Machine-learning Prognostic Models from the 2014-16 Ebola Outbreak: Data-harmonization Challenges, Validation Strategies, and mHealth Applications

EClinicalMedicine. 2019 Jun 22:11:54-64. doi: 10.1016/j.eclinm.2019.06.003. eCollection 2019 May-Jun.


Background: Ebola virus disease (EVD) plagues low-resource and difficult-to-access settings. Machine learning prognostic models and mHealth tools could improve the understanding and use of evidence-based care guidelines in such settings. However, data incompleteness and lack of interoperability limit model generalizability. This study harmonizes diverse datasets from the 2014-16 EVD epidemic and generates several prognostic models incorporated into the novel Ebola Care Guidelines app that provides informed access to recommended evidence-based guidelines.

Methods: Multivariate logistic regression was applied to investigate survival outcomes in 470 patients admitted to five Ebola treatment units in Liberia and Sierra Leone at various timepoints during 2014-16. We generated a parsimonious model (viral load, age, temperature, bleeding, jaundice, dyspnea, dysphagia, and time-to-presentation) and several fallback models for when these variables are unavailable. All were externally validated against two independent datasets and compared to further models including expert observational wellness assessments.
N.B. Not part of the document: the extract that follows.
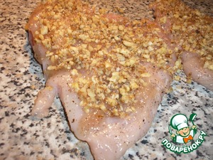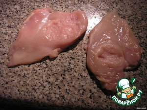 Куриное филе хорошо отбить через пищевую пленку. Натереть солью, перцем, карри.
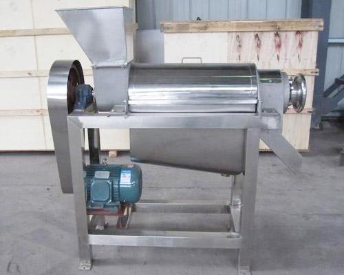 其主要工作原理是:打開電源,將物料倒進進料口,水果從料鬥到壓輥中間,壓輥向相反方向旋轉,壓輥表麵有衝頭。根據刀尖的摩擦力,將水果從壓輥的中間間隙壓入較低的間隙,在壓輥和切割刀的作用下將水果切成兩半。在壓榨輥旋轉的驅動下,兩個壓榨輥與壓榨輥下的電弧篩之間的間隙逐漸減小,在壓榨輥的作用下,水果被擠壓,果汁通過篩孔從收汁槽中擠出,果汁從出汁口排出。切割刀間隙調節裝置可調節弧篩上下,以控製水果的出汁量。弧篩兩側有切割刀(可上下調節切割刀以控製外果皮和剩餘果肉的比例),剩餘的果肉可分為外皮和水果的殘漿,剩餘的果肉可以用濾網排出到渣螺旋輸送機中,壓輥頂端的外皮可以被刮刀刮掉,排出到皮螺旋輸送機中。

Models were incorporated into an app highlighting the signs/symptoms with the largest contribution to prognosis.

Findings: The parsimonious model approached the predictive power of observational assessments by experienced clinicians (Area-Under-the-Curve, AUC = 0.70-0.79, accuracy = 0.64-0.74) and maintained its performance across subcohorts with different healthcare seeking behaviors. Age and viral load contributed > 5-fold the weighting of other features and including them in a minimal model had a similar AUC, albeit at the cost of specificity.

Interpretation: Clinically guided prognostic models can recapitulate clinical expertise and be useful when such expertise is unavailable. Incorporating these models into mHealth tools may facilitate their interpretation and provide informed access to comprehensive clinical guidelines.

Funding: Howard Hughes Medical Institute, US National Institutes of Health, Bill & Melinda Gates Foundation, International Medical Corps, UK Department for International Development, and GOAL Global.

Keywords: Clinical intuition; Data visualization; Ebola virus disease; Machine learning; Prognostic models; Severity score; Supportive care guidelines; mHealth.